Raised 2026 Growth and Earnings Targets
Management raised its 2026 outlook, lifting net interest income guidance to $333 million and core pre‑tax, pre‑provision earnings to $183 million. The bank now targets roughly 8% annual balance‑sheet growth toward about $9.6 billion in assets, with Q2 NII expected between $81 million and $83 million.
Isolated Multifamily Credit Event Weighs on Results
The quarter was overshadowed by an incremental $9.2 million specific provision tied to a single multifamily borrower that moved to nonaccrual. Total reserves on that relationship now stand at $11.1 million, reducing EPS by $0.23, and management repeatedly described the issue as borrower‑specific rather than systemic.
Nonperforming Assets and Criticized Loans Tick Higher
Nonperforming assets climbed to $99.3 million, or 1.08% of total assets, primarily due to the troubled multifamily relationship. Criticized and classified loans increased by $51.6 million, again largely concentrated in that single borrower, rather than reflecting broad portfolio stress.
Allowance for Credit Losses Bolstered
The allowance for credit losses rose to $68.2 million, representing 1.35% of total loans after the specific reserve actions. Management framed the higher reserve as conservative positioning given uncertainty around resolution timing and ultimate loss severity.
Provision Expense and Ongoing Credit Noise
Excluding the single‑borrower provision, provision expense would have been $4.2 million, more in line with recent trends. Executives cautioned that until the loan is resolved through foreclosure, note sale or another exit, some reserve and earnings volatility is likely to persist.
Near‑Term Margin Pressure, Then Modest Rebound
Management signaled that net interest margin is likely to compress modestly in Q2 from the current 3.75%, reflecting balance‑sheet growth and the impact of the nonaccrual. They nevertheless expect modest margin expansion later in the year as new loan production and funding mix improvements work through the model.
Strategic Investments Drive Temporary Expense Uptick
Core expenses ticked higher largely because of branch renovation and relocation outlays and higher professional fees, partially offset by reduced advertising. Executives described these as strategic investments that create short‑term cost pressure but are embedded in, and consistent with, the maintained full‑year expense guidance.

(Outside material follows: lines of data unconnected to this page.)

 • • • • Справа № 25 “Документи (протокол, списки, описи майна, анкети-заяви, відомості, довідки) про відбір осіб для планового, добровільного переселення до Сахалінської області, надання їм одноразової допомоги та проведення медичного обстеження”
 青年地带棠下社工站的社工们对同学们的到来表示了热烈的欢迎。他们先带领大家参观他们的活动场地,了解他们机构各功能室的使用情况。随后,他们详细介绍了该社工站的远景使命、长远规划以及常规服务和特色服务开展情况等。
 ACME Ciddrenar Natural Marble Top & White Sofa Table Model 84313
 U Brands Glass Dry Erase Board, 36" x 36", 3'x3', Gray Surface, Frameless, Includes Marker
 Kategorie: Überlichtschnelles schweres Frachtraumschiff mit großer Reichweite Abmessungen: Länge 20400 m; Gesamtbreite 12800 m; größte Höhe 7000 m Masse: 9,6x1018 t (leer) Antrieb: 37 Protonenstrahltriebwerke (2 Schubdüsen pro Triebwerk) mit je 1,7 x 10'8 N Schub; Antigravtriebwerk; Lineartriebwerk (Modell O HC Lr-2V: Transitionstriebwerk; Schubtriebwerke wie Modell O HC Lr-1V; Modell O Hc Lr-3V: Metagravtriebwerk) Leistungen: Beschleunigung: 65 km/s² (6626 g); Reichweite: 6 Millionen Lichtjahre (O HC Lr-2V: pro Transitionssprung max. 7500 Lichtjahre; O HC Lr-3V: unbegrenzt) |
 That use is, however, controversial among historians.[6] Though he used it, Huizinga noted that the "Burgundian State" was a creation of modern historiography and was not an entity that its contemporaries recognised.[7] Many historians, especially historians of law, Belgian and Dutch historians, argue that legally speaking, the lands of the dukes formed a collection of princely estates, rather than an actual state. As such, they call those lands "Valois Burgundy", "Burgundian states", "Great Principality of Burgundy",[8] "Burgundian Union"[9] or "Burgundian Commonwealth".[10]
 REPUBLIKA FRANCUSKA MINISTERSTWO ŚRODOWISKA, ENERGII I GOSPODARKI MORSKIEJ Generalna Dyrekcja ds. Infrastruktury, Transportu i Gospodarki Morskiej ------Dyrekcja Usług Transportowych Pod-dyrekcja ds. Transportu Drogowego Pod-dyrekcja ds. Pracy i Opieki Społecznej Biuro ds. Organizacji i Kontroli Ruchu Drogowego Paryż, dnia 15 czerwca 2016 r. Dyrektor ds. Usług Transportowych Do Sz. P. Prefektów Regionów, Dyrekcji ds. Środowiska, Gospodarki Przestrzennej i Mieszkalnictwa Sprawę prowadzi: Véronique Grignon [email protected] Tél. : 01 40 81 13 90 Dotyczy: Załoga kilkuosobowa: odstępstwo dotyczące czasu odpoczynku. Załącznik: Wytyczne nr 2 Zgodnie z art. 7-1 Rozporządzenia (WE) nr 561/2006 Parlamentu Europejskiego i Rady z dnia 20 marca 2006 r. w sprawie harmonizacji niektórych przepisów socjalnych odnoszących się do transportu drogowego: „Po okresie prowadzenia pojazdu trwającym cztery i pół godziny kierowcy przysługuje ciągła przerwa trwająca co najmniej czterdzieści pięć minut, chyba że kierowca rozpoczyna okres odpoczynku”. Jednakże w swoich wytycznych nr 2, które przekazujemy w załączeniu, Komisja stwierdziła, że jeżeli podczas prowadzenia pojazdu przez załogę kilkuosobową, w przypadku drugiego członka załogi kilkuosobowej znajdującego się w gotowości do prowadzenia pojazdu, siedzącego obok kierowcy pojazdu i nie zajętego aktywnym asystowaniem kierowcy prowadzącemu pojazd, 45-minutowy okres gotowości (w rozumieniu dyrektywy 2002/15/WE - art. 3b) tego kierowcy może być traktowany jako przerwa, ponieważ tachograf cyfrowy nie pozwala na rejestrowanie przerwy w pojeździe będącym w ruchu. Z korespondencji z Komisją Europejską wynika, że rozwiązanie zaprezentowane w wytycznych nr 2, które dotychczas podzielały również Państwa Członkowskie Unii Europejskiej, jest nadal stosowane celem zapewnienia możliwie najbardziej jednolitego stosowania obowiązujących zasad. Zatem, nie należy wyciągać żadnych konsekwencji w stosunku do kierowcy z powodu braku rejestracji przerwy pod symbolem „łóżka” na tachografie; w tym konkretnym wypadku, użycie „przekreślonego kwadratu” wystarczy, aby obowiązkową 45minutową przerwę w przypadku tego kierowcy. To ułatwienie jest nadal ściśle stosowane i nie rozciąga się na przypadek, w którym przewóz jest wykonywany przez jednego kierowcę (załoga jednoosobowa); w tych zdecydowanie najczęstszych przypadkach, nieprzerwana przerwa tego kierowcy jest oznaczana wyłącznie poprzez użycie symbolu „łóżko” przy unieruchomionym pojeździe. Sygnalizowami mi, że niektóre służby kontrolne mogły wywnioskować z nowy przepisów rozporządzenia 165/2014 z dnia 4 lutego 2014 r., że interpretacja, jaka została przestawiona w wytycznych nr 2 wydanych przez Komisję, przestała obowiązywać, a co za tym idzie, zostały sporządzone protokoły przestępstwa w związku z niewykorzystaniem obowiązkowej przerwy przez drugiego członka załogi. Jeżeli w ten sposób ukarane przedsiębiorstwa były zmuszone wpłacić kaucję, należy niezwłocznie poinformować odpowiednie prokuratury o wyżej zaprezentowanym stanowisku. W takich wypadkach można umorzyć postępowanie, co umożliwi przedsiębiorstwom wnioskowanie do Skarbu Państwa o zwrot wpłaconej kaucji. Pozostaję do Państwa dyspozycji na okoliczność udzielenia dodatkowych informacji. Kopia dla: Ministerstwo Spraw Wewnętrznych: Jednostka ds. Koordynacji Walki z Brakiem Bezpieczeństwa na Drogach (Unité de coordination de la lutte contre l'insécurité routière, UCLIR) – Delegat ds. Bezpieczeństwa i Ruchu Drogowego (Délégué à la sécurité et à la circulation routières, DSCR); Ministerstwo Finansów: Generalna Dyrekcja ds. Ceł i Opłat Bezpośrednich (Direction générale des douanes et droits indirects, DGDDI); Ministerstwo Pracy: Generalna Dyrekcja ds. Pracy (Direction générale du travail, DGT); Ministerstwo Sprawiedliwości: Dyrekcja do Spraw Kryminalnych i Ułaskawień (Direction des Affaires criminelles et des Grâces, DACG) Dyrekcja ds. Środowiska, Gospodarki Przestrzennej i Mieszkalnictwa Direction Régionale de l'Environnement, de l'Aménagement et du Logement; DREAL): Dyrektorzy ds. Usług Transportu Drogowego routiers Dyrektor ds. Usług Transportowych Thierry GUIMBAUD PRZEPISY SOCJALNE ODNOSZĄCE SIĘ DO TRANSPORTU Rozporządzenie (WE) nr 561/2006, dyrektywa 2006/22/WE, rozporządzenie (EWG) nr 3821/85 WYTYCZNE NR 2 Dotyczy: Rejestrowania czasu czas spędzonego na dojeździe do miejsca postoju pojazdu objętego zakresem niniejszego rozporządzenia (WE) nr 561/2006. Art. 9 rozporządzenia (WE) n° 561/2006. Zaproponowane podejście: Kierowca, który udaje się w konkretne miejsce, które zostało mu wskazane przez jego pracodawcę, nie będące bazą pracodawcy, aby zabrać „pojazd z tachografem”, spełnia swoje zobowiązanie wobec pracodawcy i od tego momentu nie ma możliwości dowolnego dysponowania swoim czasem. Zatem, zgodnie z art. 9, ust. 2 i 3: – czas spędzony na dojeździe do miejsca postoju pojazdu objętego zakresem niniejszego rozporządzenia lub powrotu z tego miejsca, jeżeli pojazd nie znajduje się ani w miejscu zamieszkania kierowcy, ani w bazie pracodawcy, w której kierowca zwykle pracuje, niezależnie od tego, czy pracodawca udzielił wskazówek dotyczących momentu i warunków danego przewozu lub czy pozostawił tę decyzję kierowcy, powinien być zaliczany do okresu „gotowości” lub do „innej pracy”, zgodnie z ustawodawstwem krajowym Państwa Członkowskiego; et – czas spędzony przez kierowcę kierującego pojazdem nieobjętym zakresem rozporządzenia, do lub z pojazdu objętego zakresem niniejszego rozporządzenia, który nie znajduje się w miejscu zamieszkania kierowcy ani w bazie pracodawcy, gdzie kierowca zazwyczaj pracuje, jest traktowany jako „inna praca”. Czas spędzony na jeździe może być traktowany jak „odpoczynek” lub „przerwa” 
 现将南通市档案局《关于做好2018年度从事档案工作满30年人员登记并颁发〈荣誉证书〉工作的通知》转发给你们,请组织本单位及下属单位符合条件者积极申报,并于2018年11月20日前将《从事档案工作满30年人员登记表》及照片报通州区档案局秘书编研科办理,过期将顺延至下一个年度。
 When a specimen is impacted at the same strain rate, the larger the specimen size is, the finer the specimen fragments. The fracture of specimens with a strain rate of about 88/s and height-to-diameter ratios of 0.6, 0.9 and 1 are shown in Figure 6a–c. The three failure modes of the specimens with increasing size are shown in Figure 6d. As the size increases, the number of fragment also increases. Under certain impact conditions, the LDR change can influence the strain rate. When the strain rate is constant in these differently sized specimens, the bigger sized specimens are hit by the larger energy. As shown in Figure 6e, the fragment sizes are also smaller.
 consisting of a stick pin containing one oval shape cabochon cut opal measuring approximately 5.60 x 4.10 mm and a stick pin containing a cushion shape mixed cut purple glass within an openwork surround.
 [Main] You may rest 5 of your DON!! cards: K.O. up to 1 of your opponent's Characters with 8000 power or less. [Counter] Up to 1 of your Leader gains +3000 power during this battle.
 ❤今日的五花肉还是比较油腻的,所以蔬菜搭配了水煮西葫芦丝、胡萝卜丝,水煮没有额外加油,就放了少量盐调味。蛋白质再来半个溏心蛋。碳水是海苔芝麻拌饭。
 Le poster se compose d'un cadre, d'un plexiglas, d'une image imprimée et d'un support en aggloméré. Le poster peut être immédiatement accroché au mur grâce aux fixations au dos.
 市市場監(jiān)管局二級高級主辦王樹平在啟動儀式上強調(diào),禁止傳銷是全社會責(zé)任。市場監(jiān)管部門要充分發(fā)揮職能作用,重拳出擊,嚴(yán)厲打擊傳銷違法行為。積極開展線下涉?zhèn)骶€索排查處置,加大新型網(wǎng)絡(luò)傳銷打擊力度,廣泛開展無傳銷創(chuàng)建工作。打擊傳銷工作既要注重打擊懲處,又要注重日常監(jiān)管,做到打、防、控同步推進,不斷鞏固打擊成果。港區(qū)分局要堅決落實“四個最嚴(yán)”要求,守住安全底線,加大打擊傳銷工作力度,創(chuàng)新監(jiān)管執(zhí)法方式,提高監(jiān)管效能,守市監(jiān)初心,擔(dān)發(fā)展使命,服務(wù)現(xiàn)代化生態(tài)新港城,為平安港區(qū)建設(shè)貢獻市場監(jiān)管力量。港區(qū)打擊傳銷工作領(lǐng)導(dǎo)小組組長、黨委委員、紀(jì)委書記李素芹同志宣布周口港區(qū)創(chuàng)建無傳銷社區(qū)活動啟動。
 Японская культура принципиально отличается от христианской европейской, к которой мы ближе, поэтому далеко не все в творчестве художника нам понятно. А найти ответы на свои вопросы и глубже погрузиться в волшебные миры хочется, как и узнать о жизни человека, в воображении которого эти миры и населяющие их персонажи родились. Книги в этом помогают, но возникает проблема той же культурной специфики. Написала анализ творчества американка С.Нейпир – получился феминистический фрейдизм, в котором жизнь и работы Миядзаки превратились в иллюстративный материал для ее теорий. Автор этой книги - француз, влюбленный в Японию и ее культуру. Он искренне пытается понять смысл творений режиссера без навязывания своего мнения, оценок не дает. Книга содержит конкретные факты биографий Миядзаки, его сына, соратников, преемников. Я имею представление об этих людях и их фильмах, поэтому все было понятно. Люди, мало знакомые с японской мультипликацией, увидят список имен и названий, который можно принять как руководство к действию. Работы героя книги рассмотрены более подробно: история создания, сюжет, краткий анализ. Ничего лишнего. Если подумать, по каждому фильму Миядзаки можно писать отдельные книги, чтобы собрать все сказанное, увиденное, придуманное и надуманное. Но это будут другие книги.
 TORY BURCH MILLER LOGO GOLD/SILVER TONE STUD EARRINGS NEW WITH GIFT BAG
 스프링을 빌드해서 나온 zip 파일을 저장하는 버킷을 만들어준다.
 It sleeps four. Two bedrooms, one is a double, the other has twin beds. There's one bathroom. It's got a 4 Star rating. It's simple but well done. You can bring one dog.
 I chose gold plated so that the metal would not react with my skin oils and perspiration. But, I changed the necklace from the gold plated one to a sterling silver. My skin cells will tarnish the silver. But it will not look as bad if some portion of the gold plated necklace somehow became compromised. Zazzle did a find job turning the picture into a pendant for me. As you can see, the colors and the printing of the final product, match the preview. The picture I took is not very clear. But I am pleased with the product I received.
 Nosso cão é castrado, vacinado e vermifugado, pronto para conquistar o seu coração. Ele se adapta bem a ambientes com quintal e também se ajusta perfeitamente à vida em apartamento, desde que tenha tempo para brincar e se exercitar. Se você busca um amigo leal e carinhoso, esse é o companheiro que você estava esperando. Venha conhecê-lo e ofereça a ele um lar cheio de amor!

Guidance Signals Confidence Despite Credit Volatility
Looking ahead, Amalgamated is guiding to Q2 net interest income of $81 million to $83 million and modest near‑term NIM pressure before improvement later in the year. For 2026, higher NII and core PTPP targets, an 8% balance‑sheet growth goal, stable fee income near $9.8–10 million per quarter and controlled expenses around $188 million underscore management’s confidence in the earnings trajectory.
Amalgamated Bank’s call painted a picture of a franchise growing revenue, loans and deposits while steadily improving efficiency, even as one multifamily credit created a noticeable dent in quarterly results. With capital strong and 2026 guidance raised, investors are being asked to look through near‑term credit noise to an earnings profile management believes remains on an upward path.